Discussion: https://postgr.es/m/9fa25bef-2e4f-1c32-22a4-3ad0723c4a17@anastigmatix.net

diff --git a/src/backend/executor/spi.c b/src/backend/executor/spi.c
index ffa190aa83872a0151aedd5602d6b06df20967dc..99021891c15864cebd6d42a02033aa28a663c911 100644 (file)

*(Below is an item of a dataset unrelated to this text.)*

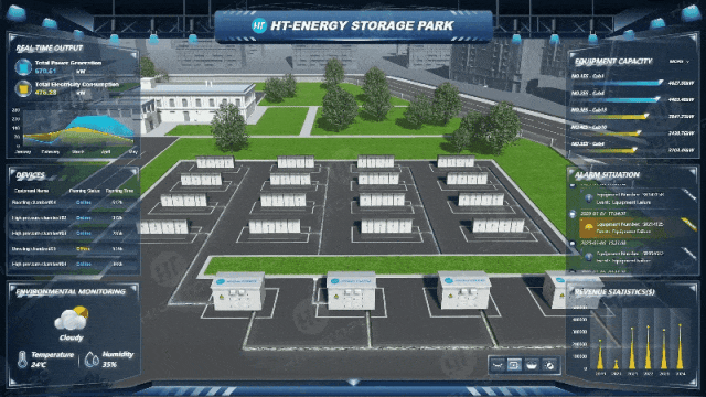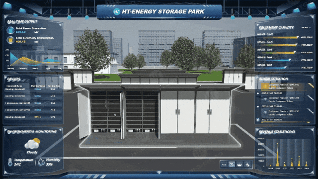 HT 强大的 3D 渲染引擎对储能柜、升压仓、汇流柜等园区核心设备展开 1:1 高精度数字化构建,场景内能清晰查看设备的材质、结构等外观特征。支持对电气参数进行多层级可视化呈现,方便运维人员深入了解设备内部运行状态。

--- a/src/backend/executor/spi.c
+++ b/src/backend/executor/spi.c
@@ -36,10 +36,16 @@
 #include "utils/typcache.h"
 
 
+/*
+ * These global variables are part of the API for various SPI functions
+ * (a horrible API choice, but it's too late now).  To reduce the risk of
+ * interference between different SPI callers, we save and restore them
+ * when entering/exiting a SPI nesting level.
+ */
 uint64     SPI_processed = 0;
 Oid            SPI_lastoid = InvalidOid;
 SPITupleTable *SPI_tuptable = NULL;
-int            SPI_result;
+int            SPI_result = 0;
 
 static _SPI_connection *_SPI_stack = NULL;
 static _SPI_connection *_SPI_current = NULL;
@@ -132,6 +138,10 @@ SPI_connect(void)
    _SPI_current->procCxt = NULL;       /* in case we fail to create 'em */
    _SPI_current->execCxt = NULL;
    _SPI_current->connectSubid = GetCurrentSubTransactionId();
+   _SPI_current->outer_processed = SPI_processed;
+   _SPI_current->outer_lastoid = SPI_lastoid;
+   _SPI_current->outer_tuptable = SPI_tuptable;
+   _SPI_current->outer_result = SPI_result;
 
    /*
     * Create memory contexts for this procedure
@@ -150,6 +160,15 @@ SPI_connect(void)
    /* ... and switch to procedure's context */
    _SPI_current->savedcxt = MemoryContextSwitchTo(_SPI_current->procCxt);
 
+   /*
+    * Reset API global variables so that current caller cannot accidentally
+    * depend on state of an outer caller.
+    */
+   SPI_processed = 0;
+   SPI_lastoid = InvalidOid;
+   SPI_tuptable = NULL;
+   SPI_result = 0;
+
    return SPI_OK_CONNECT;
 }
 
@@ -172,12 +191,13 @@ SPI_finish(void)
    _SPI_current->procCxt = NULL;
 
    /*
-    * Reset result variables, especially SPI_tuptable which is probably
+    * Restore outer API variables, especially SPI_tuptable which is probably
     * pointing at a just-deleted tuptable
     */
-   SPI_processed = 0;
-   SPI_lastoid = InvalidOid;
-   SPI_tuptable = NULL;
+   SPI_processed = _SPI_current->outer_processed;
+   SPI_lastoid = _SPI_current->outer_lastoid;
+   SPI_tuptable = _SPI_current->outer_tuptable;
+   SPI_result = _SPI_current->outer_result;
 
    /*
     * After _SPI_begin_call _SPI_connected == _SPI_curid. Now we are closing
@@ -214,9 +234,11 @@ AtEOXact_SPI(bool isCommit)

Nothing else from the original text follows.